Клиническая картина Гипокинезия: замедленные движения, затруднения в начале ходьбы и при поворотах, осанка сгорбленная, походка шаркающая, руки не производят содружественных движений при ходьбе, бедная мимика, редкое мигание, тихая монотонная речь. Ригидность: мышечный тонус изменен по типу восковой ригидности с феноменом «зубчатого колеса». Тремор: чаще тремор покоя, напоминает движение «скатывания пилюль», усиливается при волнении и, практически, исчезает во сне. Постуральная неустойчивость: снижение или отсутствие способности поддержания положения центра тяжести, что приводит к нарушениям равновесия при ходьбе и падениям. Вегетативные нарушения: сальность лица, запоры, нарушения мочеиспускания, ортостатическая гипотензия, депрессии.
Клинические особенности болезни Паркинсона
- одностороннее начало (всегда стадия гемипаркинсонизма);
- асимметрия симптоматики;
- тремор покоя;
- прогредиентное течение;
- высокая эффективность препаратов леводопы;
- ответ на леводопу в течение 5 лет и более.
Принципы медикаментозной терапии
1. Повышение синтеза дофамина (ДА) в мозге.
2. Стимуляция процесса выброса ДА из пресинаптической терминали и в синапсе.
3. Стимуляция рецепторов, чувствительных к ДА.
4. Торможение процесса обратного захвата ДА пресинаптическими структурами.
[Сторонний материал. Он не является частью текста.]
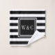Toalha de banho de monograma personalizada elegante com um padrão listrado preto e branco com as suas iniciais. Projetado por Thisnotme©
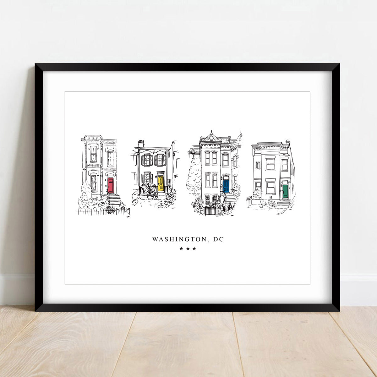 Artwork of Washington, DC row homes with bright colored doors. The art from which the print was made was originally drawn by hand with pen by Capitol Hill artist, Erin Malick Thompson, and then digitized and colorized for print. Caption reads "Washington, DC". Archival-quality 8x10 print is available on white matte paper with a horizontal/landscape or vertical/portrait design. Frame shown here for DISPLAY PURPOSES ONLY; you will receive an UNMATTED/UNFRAMED print.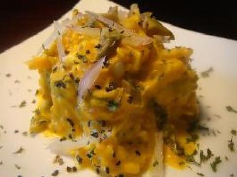 1.蒸熟南瓜泥,加入美乃滋,鲜奶油,法式芥末酱,(3:1:1:1)再加入少许橙汁拌匀.

5. Торможение катаболизма (распада) ДА.
6. Холинолитики.
1. Повышение синтеза дофамина (ДА) в мозге Препараты леводопы: наком, мадопар
2. Стимуляция процесса выброса ДА из пресиноптических терминален Мидантан (амантадин) ПК-мерц
3. Стимуляция рецепторов, чувствительных к ДА Проноран, парлодел, мирапекс
4. Торможение процесса обратного захвата ДА пресинаптическими структурами Трициклические антидепрессанты: амитриптилин, имипра-мин
5. Торможение катаболизма (распада) ДА Ингибиторы МАО: юмекс, се-легилин,депренил Ингибиторы КОМТ: комтан
6. Холинолитики Циклодол,акинетон
3. Менингит – инфекционное воспаление мягкой и паутинной оболочек головного и спинного мозга. Классификация: по характеру воспаления: гнойные (нейтрофильные), серозные (лимфоцитарные), по этиологическому признаку: менингококковые, пневмококковые, протейные, туберкулезные и др., по происхождению: первичные (самостоятельное заболевание), вторичные (на фоне инф. заболевания), по течению: острые, подострые, рецидивирующие, хронические, молниеносные. Клинические проявления: общеинфекционные симптомы: общая слабость, недомогание, повышение температуры тела, озноб, снижение аппетита, апатия, потливость. Общемозговые симптомы: головные диффузные боли, тошнота, рвота, гипертензия, психомоторное возбуждение, судорожный синдром, угнетение сознания. Менингиальный симптомокомплекс: ригидность затылочных мышц, симптом Кернига, 3 симптома Брудзинского (верхний, средний и нижний), менингиальная поза. Ликворологические: повышение давления, повышение белка, клетки характерные для воспаления, если гнойный менингит – изменение цвета и прозрачности, реакция Панди.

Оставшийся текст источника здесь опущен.